# Sony Bravia 40inch - Line across screen ?



## The Gooner (26 Jan 2009)

I purchased a Sony Bravia 40" LCD in Oct 2007 - I had a 12 month warranty from the shop - but in the last week we have noticed a continuous line going across the screen approx 1/4 way down from the top. 

Anyone else have any similar issues with the Sony Bravia's ?

What was the outcome ?
Thanks.


----------



## dinjoecurry (27 Jan 2009)

not with a Sony but had this problem and was told by the retailer that it was not economic to repair as a new LCD display panel was needed


----------



## Smashbox (28 Jan 2009)

Could this be a burn or ghosting on the TV? Like if you pause something eg. a DVD for an extended period of time, the screen can be burnt.

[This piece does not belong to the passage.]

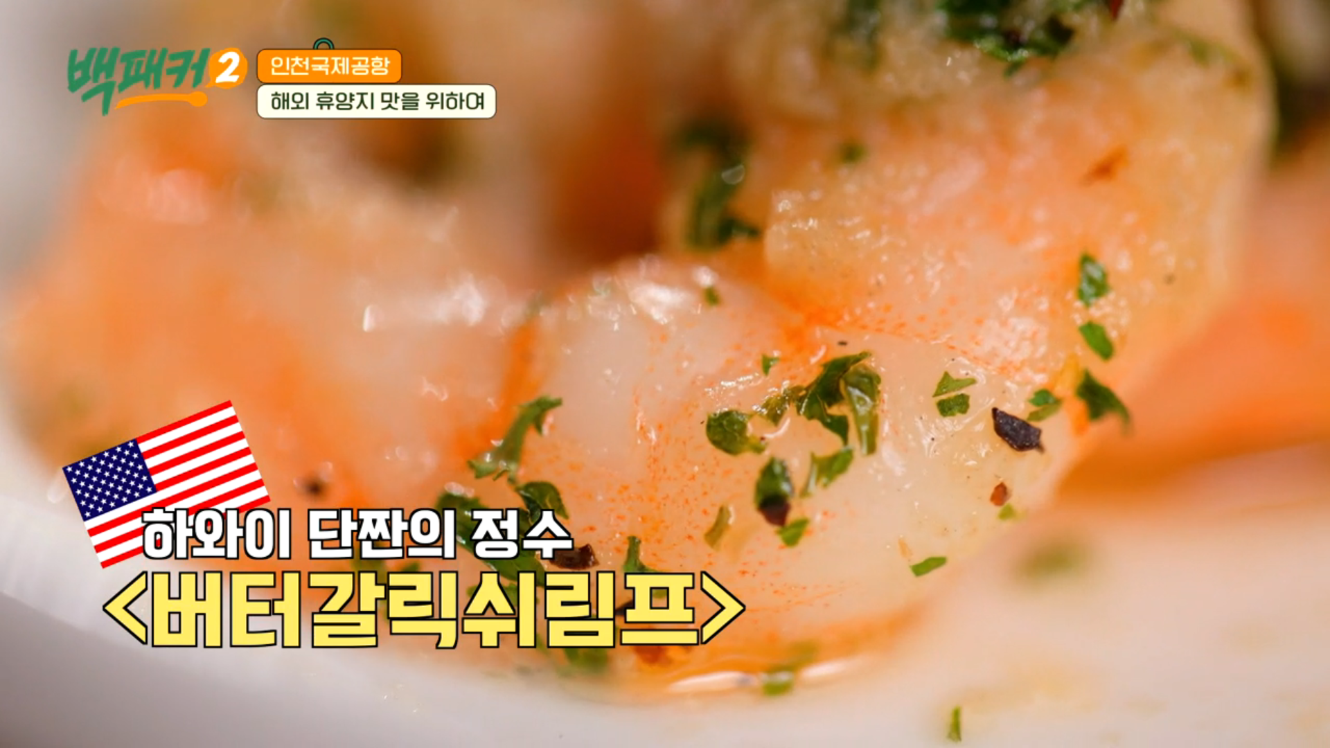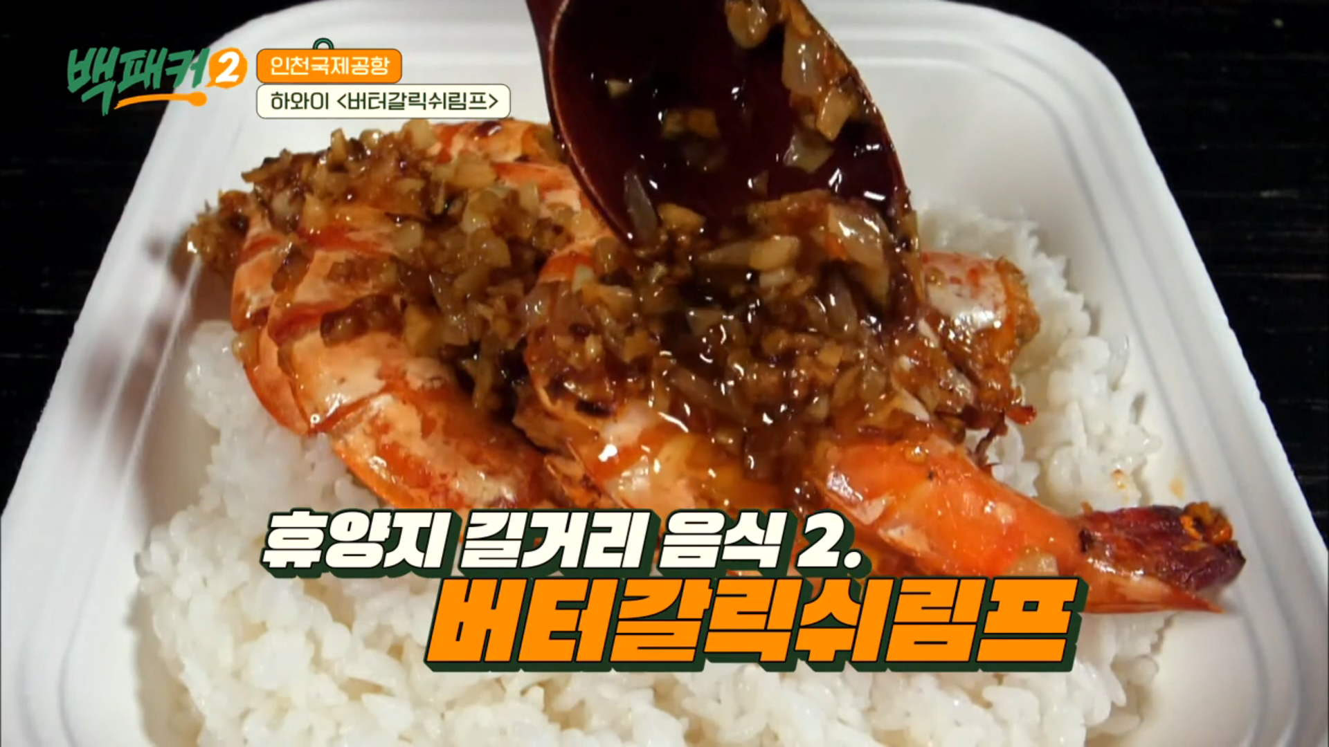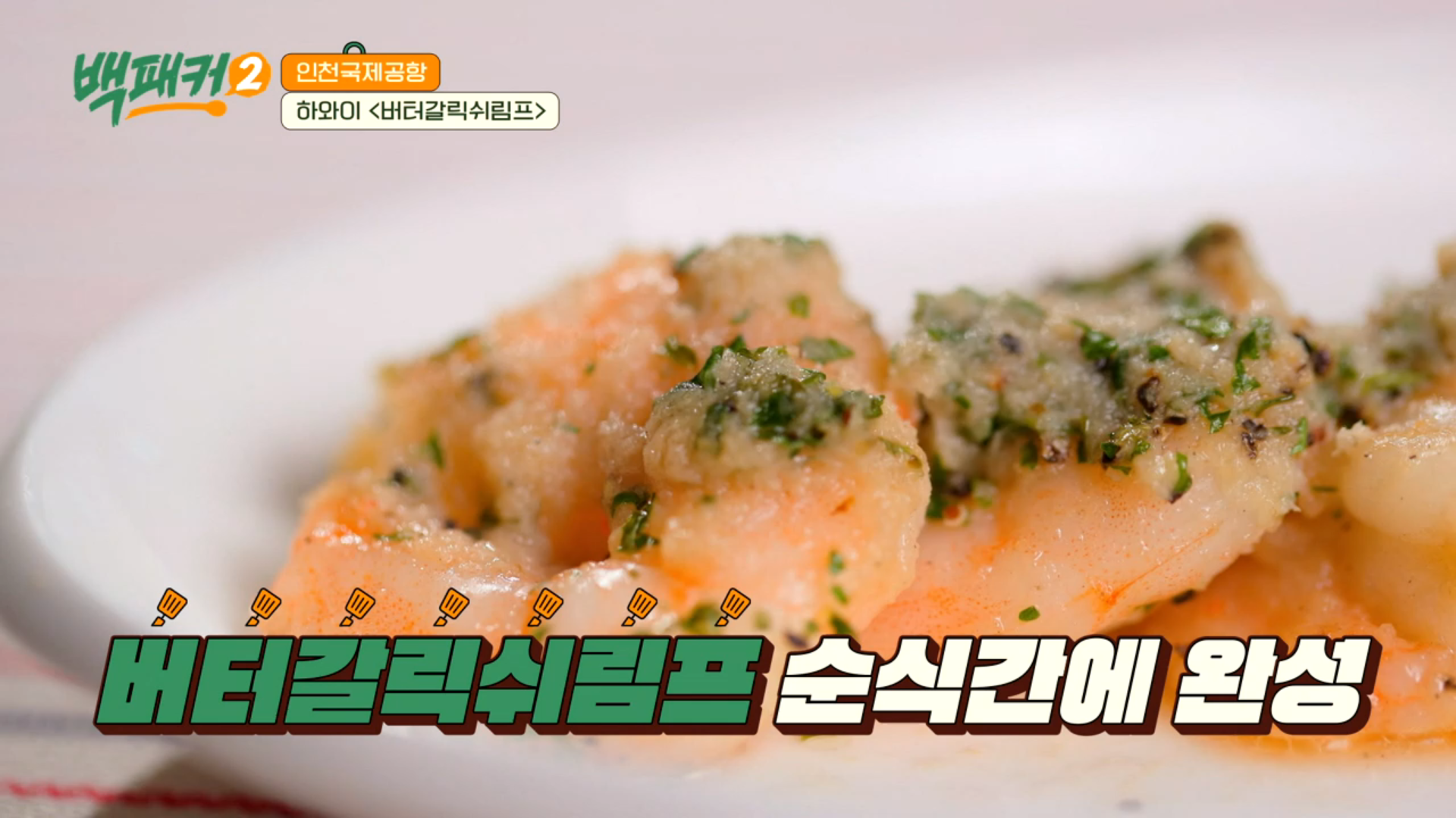 백패커 시즌2 7화에는 인천국제공항 직원 식당에서 해외 휴양지 맛을 내기 위하여 하와이 길거리 푸드트럭에서 만날 수 있는 버터갈릭 쉬림프를 메뉴로 선정했는데요

It may also be the driver electronics for a certain digitally addressed screen line burnt out.


----------



## Tomodinhio (29 Jan 2009)

had the same problem, tv is pretty much usless for anything and is currently sitting in a recyling center waiting to be turned into poo roll.


----------



## iggy (29 Jan 2009)

Hi The Gooner,
Get the model number off the back of your tv and search in here ( quick search in top right corner), most LCDs are usually uneconomical to repair.
Buy with the guarantee in mind rather than brand names.


----------



## Tetrarch (6 Feb 2009)

Gooner,
The manufacturer warranty is probably for one year but this is in addition to your statutory rights which entitles you to two years from the retailer.


----------



## The Gooner (10 Feb 2009)

Thanks - my problem is that the shop I purchased it from (Kielys in Limerick) went into liquidation last summer. How do I go about enforcing the 2 year rule in that situation - contact Sony directly perhaps ?


----------



## Smashbox (10 Feb 2009)

Defiantly worth a try, my friend had a problem with her PSP and Sony were very accommodating.


----------



## The Gooner (11 Feb 2009)

Well - I tried. Called Sony Customer Service, spoke to very friendly rep - UK based - who knew nothing about 2 year warranties in Ireland etc - so he kicked to touch by giving me a complaint ref number and an address for Sony UK to write to. I posted a "package" of backup data 2 hrs ago - lets see what happens. Appreciate the feedback from all.


----------



## Smashbox (11 Feb 2009)

Good luck Gooner, hope you get some luck outta them.


----------



## dinjoecurry (12 Feb 2009)

do Sony have any office in Ireland if so you could try small claims court route and costs very little


----------



## The Gooner (24 Feb 2009)

Well - I got my response from Sony UK yesterday. No Joy I'm afarid - they claim that the 2 year warranty that is law in Ireland applies to the Retailer - not the manufacturer - as as my retailer was Kielys in Limerick - which went into liquidation in June 2008, looks like the small claims court is the next step for me.


----------



## extopia (24 Feb 2009)

Well... who exactly are you going to take to the small claims court?


----------



## dinjoecurry (24 Feb 2009)

Sony Ireland I would suggest as manufacturers of the product I think Sony Ireland were/are owned by Sony.
If Sony have no office here buying Sony products could be very risky as there is no backup to the dealer in Ireland


----------